Conjoint analysis is a statistical technique used in market research to determine how people value different attributes or features that make up an individual product or service. The main idea is to understand the trade-offs people are willing to make between different features and to quantify the value they place on each of those features. This helps businesses to design products or services that closely match customer preferences.
Here’s a step-by-step explanation of how conjoint analysis works:
- Identification of Attributes and Levels: The first step is to identify the key attributes or features of a product or service. For instance, for a smartphone, attributes might include screen size, battery life, brand, camera quality, and price. Each of these attributes will have different levels. For example, screen size could have levels like 5 inches, 6 inches, and 6.5 inches.
- Creation of Profiles: Using the identified attributes and their levels, you can create a set of hypothetical products or profiles. Each profile represents a different combination of attribute levels.

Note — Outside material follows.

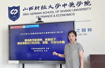 会上,教研室主任李进做了题为“德语教学新原则、新路径下德语课程设计的目标、思路、方法与实施”的报告,针对在2023外教社全国德语教师教学法暑期研修班的研修情况进行了精彩的分享。报告主要包括四部分,第一部分为研修内容概览,第二部分为德语教学新原则、新路径的内涵,第三部分为新原则、新路径下德语课程设计的目的、思路、方法与实施,第四部分为固本尝“新”,在中德的适用性思考。

- Survey Design: Respondents are then asked to evaluate or rank these profiles based on their preferences. The ranking can be direct (e.g., “rank these five profiles from 1 to 5”) or based on choice tasks (e.g., “choose the best option among these three profiles”).
- Data Collection: Respondents’ evaluations or rankings are collected through surveys.
- Analysis: The data is then analyzed to determine the utility or importance of each attribute level to the respondents. Utilities (also called part-worths) are numerical values that indicate the preference or value respondents place on each level of an attribute. The higher the utility, the more preferred that level is.
- Interpretation: By understanding the utilities, businesses can infer:
- Which attributes are the most important to customers?
- How much value customers place on each level of an attribute?
- What combinations of attributes are most preferred by customers?
- Applications: With this information, companies can make informed decisions about product design, pricing, positioning, or even promotional strategies. They can identify market segments, forecast market shares for new products, or optimize existing product features.
Example: Let’s say a company is planning to launch a new smartphone. Using conjoint analysis, they might discover that customers place the highest value on battery life and are willing to pay extra for a phone with a two-day battery life. At the same time, they might find out that most customers don’t place much value on having an ultra-high resolution camera.
In essence, conjoint analysis offers insights into customer preferences and the trade-offs they are willing to make, helping businesses tailor their offerings more effectively.